I'm using sqlite3-3.7.3.
UPD2:
There is no matching criteria between tables,any random matching between them will be sufficient for me.
Assuming that the id columns are unique and not null, you can "zip" your tables by:
Creating a row number for each row that corresponds to the
position of the row when the table is ordered by the unique id (as
polishchuk mentioned in his comment); and,
Simulating a FULL OUTER JOIN with 2 LEFT OUTER JOINS.

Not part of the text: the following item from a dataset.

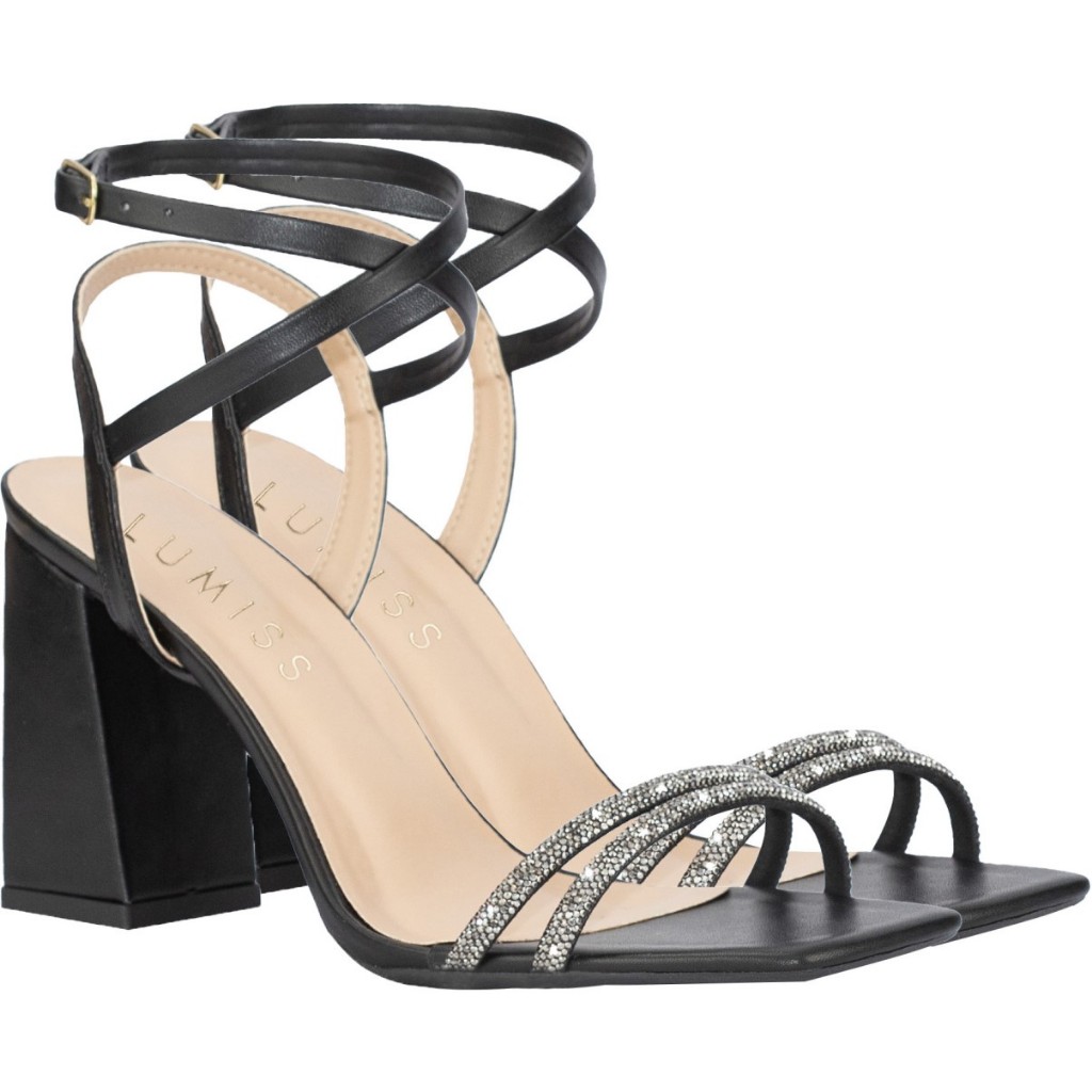 Sandália Feminina Lumiss Tiras Strass Brilho Salto Alto Bloco Grosso Confortável Preto

To demonstrate, I used two tables with differing row counts:
CREATE TABLE foo (id INTEGER PRIMARY KEY AUTOINCREMENT, data TEXT);
INSERT INTO foo VALUES (NULL, 'a');
INSERT INTO foo VALUES (NULL, 'b');
INSERT INTO foo VALUES (NULL, 'c');
INSERT INTO foo VALUES (NULL, 'd');
INSERT INTO foo VALUES (NULL, 'e');
INSERT INTO foo VALUES (NULL, 'f');
INSERT INTO foo VALUES (NULL, 'g');
INSERT INTO foo VALUES (NULL, 'h');
INSERT INTO foo VALUES (NULL, 'i');
INSERT INTO foo VALUES (NULL, 'j');
DELETE FROM foo WHERE data IN ('b', 'd', 'f', 'i');
CREATE TABLE bar (id INTEGER PRIMARY KEY AUTOINCREMENT, data TEXT);
INSERT INTO bar VALUES (NULL, 'a');
INSERT INTO bar VALUES (NULL, 'b');
INSERT INTO bar VALUES (NULL, 'c');
INSERT INTO bar VALUES (NULL, 'd');
INSERT INTO bar VALUES (NULL, 'e');
INSERT INTO bar VALUES (NULL, 'f');
INSERT INTO bar VALUES (NULL, 'g');
INSERT INTO bar VALUES (NULL, 'h');
INSERT INTO bar VALUES (NULL, 'i');
INSERT INTO bar VALUES (NULL, 'j');
DELETE FROM bar WHERE data IN ('a', 'b');
To obtain a more readable output, I then ran:
.headers on
.mode column
Then you can execute this SQL statement:
SELECT COALESCE(id1, -1) AS id1, data1,
COALESCE(id2, -1) as id2, data2
FROM (
SELECT ltable.rnum AS rnum,
ltable.id AS id1, ltable.data AS data1,
rtable.id AS id2, rtable.data AS data2
FROM
(SElECT (SELECT COUNT(*) FROM foo
WHERE id <= T1.id) rnum, id, data FROM foo T1
) ltable
LEFT OUTER JOIN
(SElECT (SELECT COUNT(*) FROM bar
WHERE id <= T1.id) rnum, id, data FROM bar T1
) rtable
ON ltable.rnum=rtable.rnum
UNION
SELECT rtable.rnum AS rnum,
ltable.id AS id1, ltable.data AS data1,
rtable.id AS id2, rtable.data AS data2
FROM
(SElECT (SELECT COUNT(*) FROM bar
WHERE id <= T1.id) rnum, id, data FROM bar T1
) rtable
LEFT OUTER JOIN
(SElECT (SELECT COUNT(*) FROM foo
WHERE id <= T1.id) rnum, id, data FROM foo T1
) ltable
ON ltable.rnum=rtable.rnum)
ORDER BY rnum
Which gives you:
id1 data1 id2 data2
---------- ---------- ---------- ----------
1 a 3 c
3 c 4 d
5 e 5 e
7 g 6 f
8 h 7 g
10 j 8 h
-1 9 i
-1 10 j
This works "both ways", for example, if you invert the two tables (foo and bar), you get:
id1 data1 id2 data2
---------- ---------- ---------- ----------
3 c 1 a
4 d 3 c
5 e 5 e
6 f 7 g
7 g 8 h
8 h 10 j
9 i -1
10 j -1